23/08/06 16:14:17 INFO SharedState: Warehouse path is 'file:/opt/airflow/spark-warehouse'.

this read operation hangs Indefinitely

Spark Jars:

hadoop-aws-3.3.4.jar
hadoop-client-api-3.3.4.jar
hadoop-client-runtime-3.3.4.jar
hadoop-yarn-server-web-proxy-3.3.4.jar
parquet-hadoop-1.12.3.jar
aws-java-sdk-bundle-1.12.262.jar
hadoop-aws-3.3.4.jar
delta-core_2.12-2.4.0.jar
delta-storage-2.4.0.jar

Any ideas on why my spark session is not able to read from the minio bucket?

This does however work when I am running the Spark on my local machine.


Solution

  • I have managed to find a way to get it to work: Use the socket library to resolve the minio containers ip address from within the spark container...

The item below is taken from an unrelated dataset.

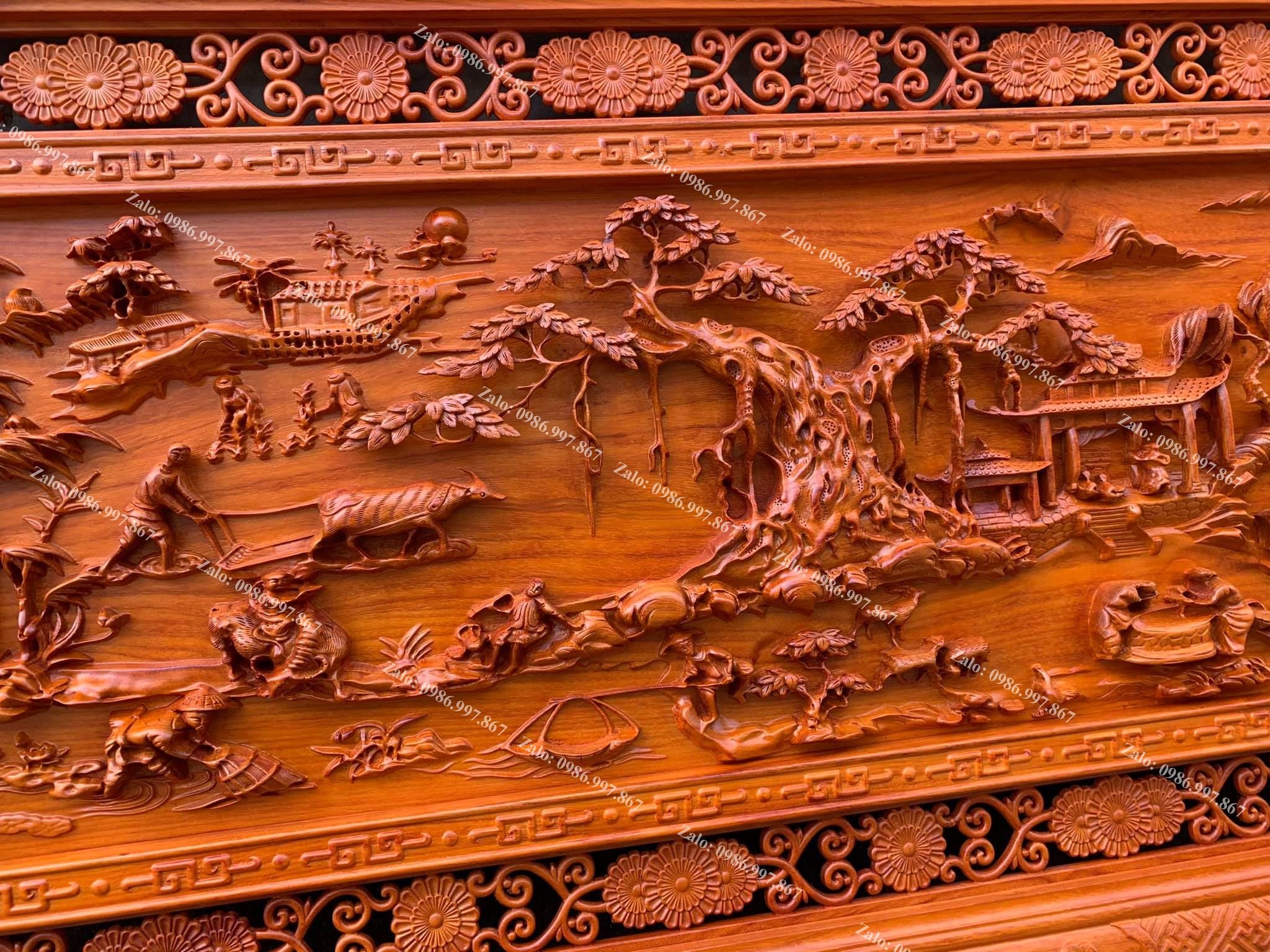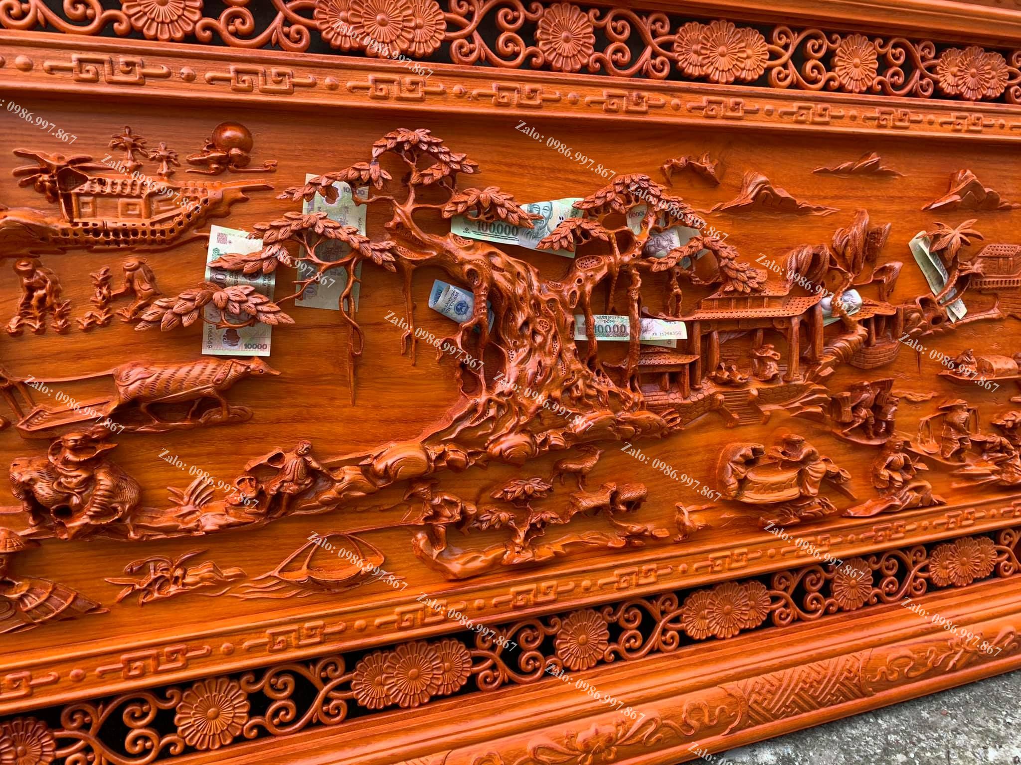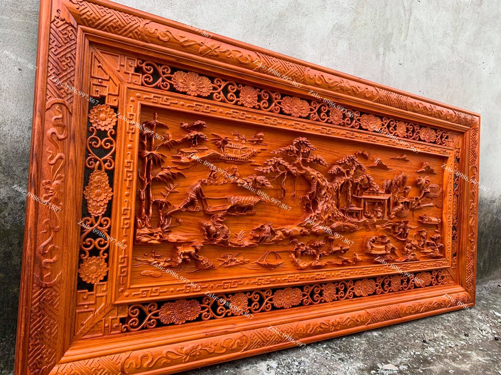 | Quy cách | - Tranh được đục sửa tay kênh bong vô cùng sắc nét, Từ đôi bàn tay nghệ nhân nổi tiếng của Làng Nghề - Ván nguyên khối, khung ghép - Gỗ chuẩn, không rác, không sâu, không mắt gỗ, gỗ khô, không cong vênh - Gỗ hương đỏ siêu đẹp |

    Step 1. Amend thedocker-compose.yml to include hostname.

    services:
      minio:
        hostname: minio
        image: "quay.io/minio/minio"
        command: server --console-address ":9090" /data
        ports:
          - "9000:9000"
          - "9090:9090"
    
        volumes:
          - ~/minio/data:/data
        environment:
          MINIO_ROOT_USER: admin
          MINIO_ROOT_PASSWORD: admin
    
    

    Step 2. use the socket.gethostbyname method to resolve the ip address of the minio container

    import socket
    from pyspark.sql import SparkSession
    
    MINIO_IP_ADDRESS = socket.gethostbyname("minio")
    
    spark = SparkSession \
            .builder \
            .appName("test reading s3") \
            .config("spark.pyspark.python", "python") \
            .config("fs.s3a.access.key", ACCESS_KEY) \
            .config("fs.s3a.secret.key", SECRET_KEY) \
            .config("fs.s3a.endpoint", f"http://{MINIO_IP_ADDRESS}:9000").getOrCreate()
    
    spark.sparkContext.setLogLevel("INFO")
    spark.read.json("s3a://google-trends-raw-files/43f6c3_2023-05-27-2023-06-03.json")
    

    Would be interested to know if anyone has an answer as to why SparkSessions are not aware of DNS mappings.